Twenty-nine PL cases were evaluated; median age was 96 months (22 to 178 months). Age at the start of symptoms had peaks at 8 years, followed by 12 and 14 years. Mean time between start of symptoms and diagnosis was 1.15 years (1 month to 10 years).

Twenty patients were male (69%). In the comparison between gender and age at start of symptoms, median age at the start in males was 8.3 years (1 to 14.1 years) and in females 8.8 years (1.6 to 14.8 years; p=0.5). Disease start predominated in winter and autumn months (Figure 1).


Figure 1. Distribution of patients according to season of the year that symptoms started. [Copyright: ©2013 Markus et al.]

Cutaneous alterations were present in all patients at examination. The most frequently observed lesions were papules (n=27), hypopigmentation and scaling (n=19) and fine scaling (n=13). There was also erythema (n=12), crusts (n=12), hyperpigmentation (n=5), necrosis (n=4), and purpuric lesions (n=3). Classification by lesion distribution was of a central form, where lesions were found on the trunk and proximal limbs in 14 (48%), followed by diffuse (generalized lesions) in 13 (45%), and peripheral, where only the extremities presented lesions, in 2 (7%) cases.

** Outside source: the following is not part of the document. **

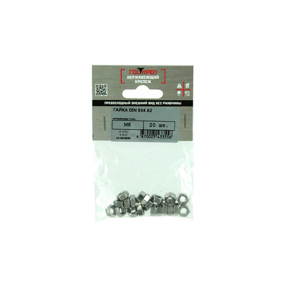Гайка ГОСКРЕП DIN 934 М6 нержав. сталь 20 шт. 10-0023690
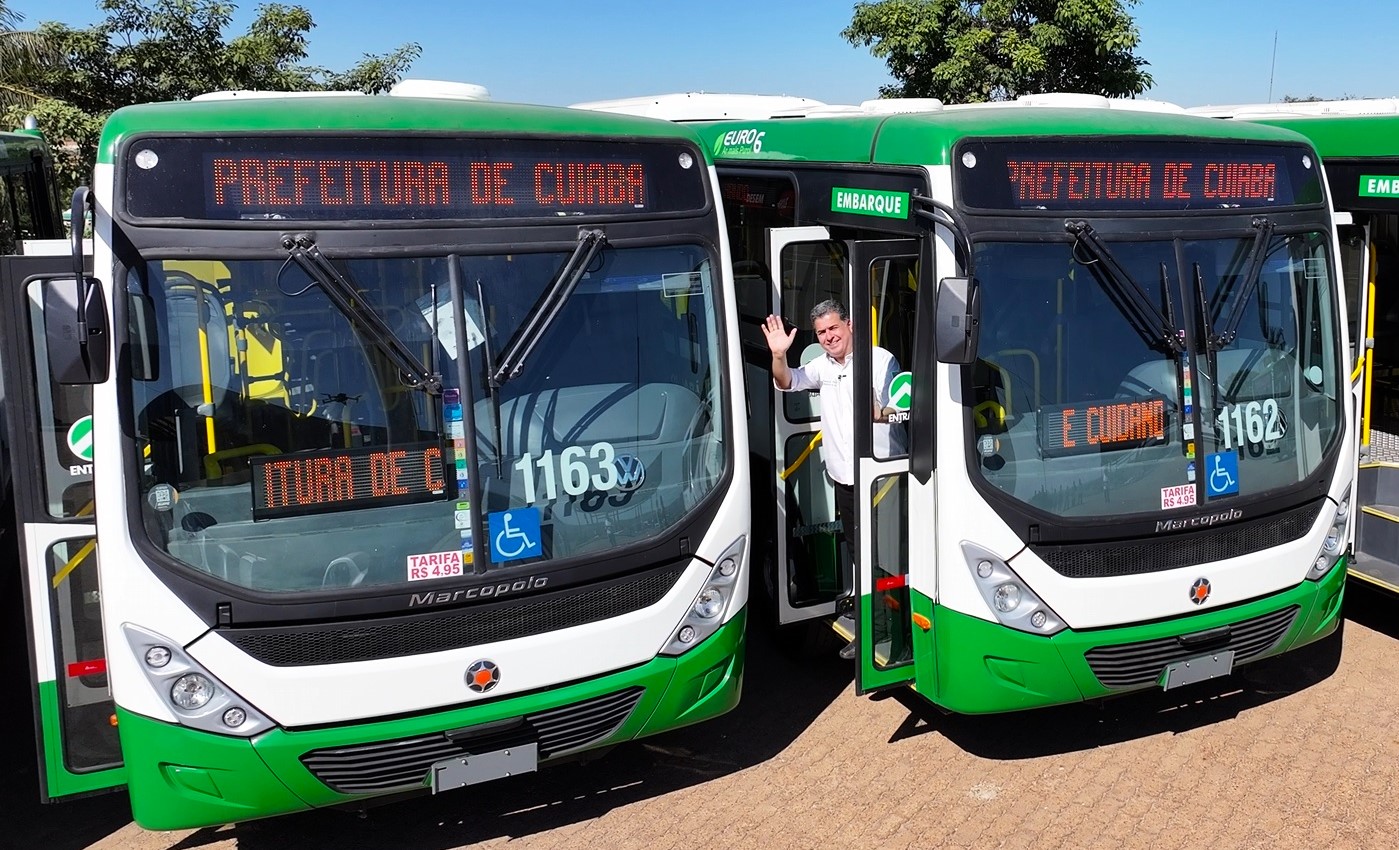 “São trinta e oito já entregues. E nesse mês de junho, até o início de julho, eu entrego mais cerca de trinta ônibus zero quilômetro, todos com ar-condicionado. Sabe o que é isso, gente? É meu compromisso com você. Eu fiz esse compromisso com você, com a população cuiabana. Com os milhares de usuários do transporte coletivo”, disse o prefeito.

As for symptoms, 15 (52%) patients were asymptomatic, 13 (45%) had itching, and one fever. Clinical classification revealed 4 PLEVA (Figure 2A and 2B) and 25 PLC (Figure 2C and 2D).


Figure 2. (A) PLEVA—2 to 3 mm reddish-brown purpuric papules. (B) Varioliform scarring. (C) PLC—erythematous papules with residual macules of postinflammatory hypopigmentation. (D) Papule with a fine scaling that detaching from the periphery to the center (PLC). [Copyright: ©2013 Markus et al.]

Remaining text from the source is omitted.